Историческая справка:
Многочисленные злоупотребления Особого отдела, возглавляемого Атарбековым, возмущали не только население. Самоуправство «железного Геворка», которого сравнивали с «восточным царьком», приобрело настолько скандальный характер, что его по ультимативному требованию Ударной коммунистической роты, во главе которой стоял большевик Аристов, отстранили от должности. Постановление об этом приняли в конце июля 1919 года, а 4 сентября того же года чекист под конвоем был доставлен в Москву. Его дело рассматривалось довольно долго. Специальная комиссия ЦК партии установила «преступность Атарбекова и других сотрудников Астраханского Особого отдела». Для окончательного приговора материал следствия передан в ЦК РКП(б). Спасли чекиста от наказания его покровители, главные по Кавказу у большевиков: Тер-Петросян (Камо), Орджоникидзе и Джугашвили (Сталин): они не только оправдали, но и повысили Атарбекова в должности. В 1920 году Атарбеков назначен начальником Особого отдела 9-й армии, затем занимал должности уполномоченного ВЧК в Кубано-Черноморской области и в Баку. С 1921 года — председатель Ревкома северных районов Армении, нарком почт и телеграфа Закавказья, заместитель наркома РКИ и член Президиума Закавказской партийной контрольной комиссии. Погиб 22 марта 1925 года в авиационной катастрофе около Тбилиси. В память об Атарбекове были названы улицы в Москве, Краснодаре, Сочи, Ростове-на-Дону, Астрахани и других городах. Его именем назван микрорайон Атарбеково в Сочи и Сторожевой корабль Каспийской военной флотилии.
В 1993 году улицу Атарбекова в Пятигорске переименовали в Широкую.

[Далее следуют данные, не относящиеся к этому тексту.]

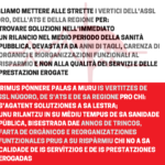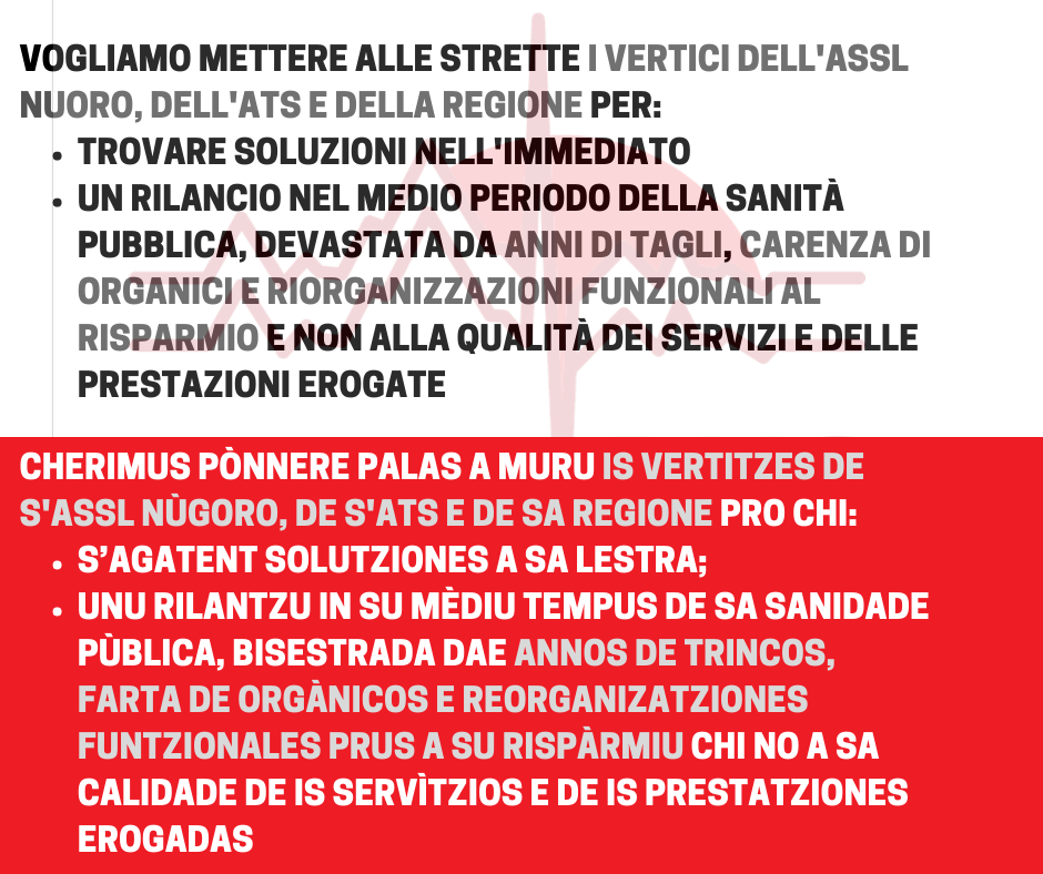 - Semus orròschidos de assistire impotentes a una situatzione chi est lesiende su deretu a sa salude de is comunidades nostras. Cherimus pònnere palas a muru is vertitzes de s’ASSL Nùgoro, de s’ATS e de sa Regione pro chi s’agatent solutziones a sa lestra, ma fintzas pro unu rilantzu in su mèdius tempus de sa sanidade pùblica, bisestrada dae annos de trincos, farta de orgànicos e reorganizatziones funtzionales prus a su rispàrmiu chi no a sa calidade de is servìtzios e de is prestatziones erogadas.

Всем остальным жертвам приказывали становиться на колени и вытягивать шеи. Согласно заключению Особой комиссии, «палачи были неумелые и не могли убивать с одного взмаха: каждого заложника ударяли раз по пять, а то и больше». Кроме того, меткости препятствовала темнота. Только один матрос рубил умело, и обреченные просили его, чтобы именно он нанес им смертельный удар. Некоторые стонали, но большинство умирало молча. Казнь длилась примерно с 11 часов вечера до глубокой ночи. За каждого казненного палачам выплачивалось по 10 рублей.

Наутро из могилы раздавались стоны заживо погребенных людей. Как показывал на следствии смотритель Обрезов, из одной ямы выглядывал, облокотившись на руки, один недобитый заложник, умолявший вытащить его из-под груды мертвых тел и дать воды. Его забросали землей.

Сопоставлением рассказа с данными, добытыми при раскопке могилы 24 января 1919 года, удалось установить личность этого человека. Убитым оказался священник Иоанн Рябухин. Его труп был обнаружен в сидячем положении с поднятыми руками, будто он пытался выбраться.

Криминалистам удалось установить точную картину казни: у края ямы происходила рубка по головам и шеям приговоренных и беспорядочное забрасывание могилы убитыми и умирающими. В отношении отдельных трупов врачи-эксперты пришли к заключению, что они подвергались перед смертью побоям тупым оружием, а в некоторых случаях наносились увечья, как, например, отрубались носы, выбивались зубы, распарывался живот.

На фото: эксгумация жертв красного террора в Пятигорске. Февраль 1919 года.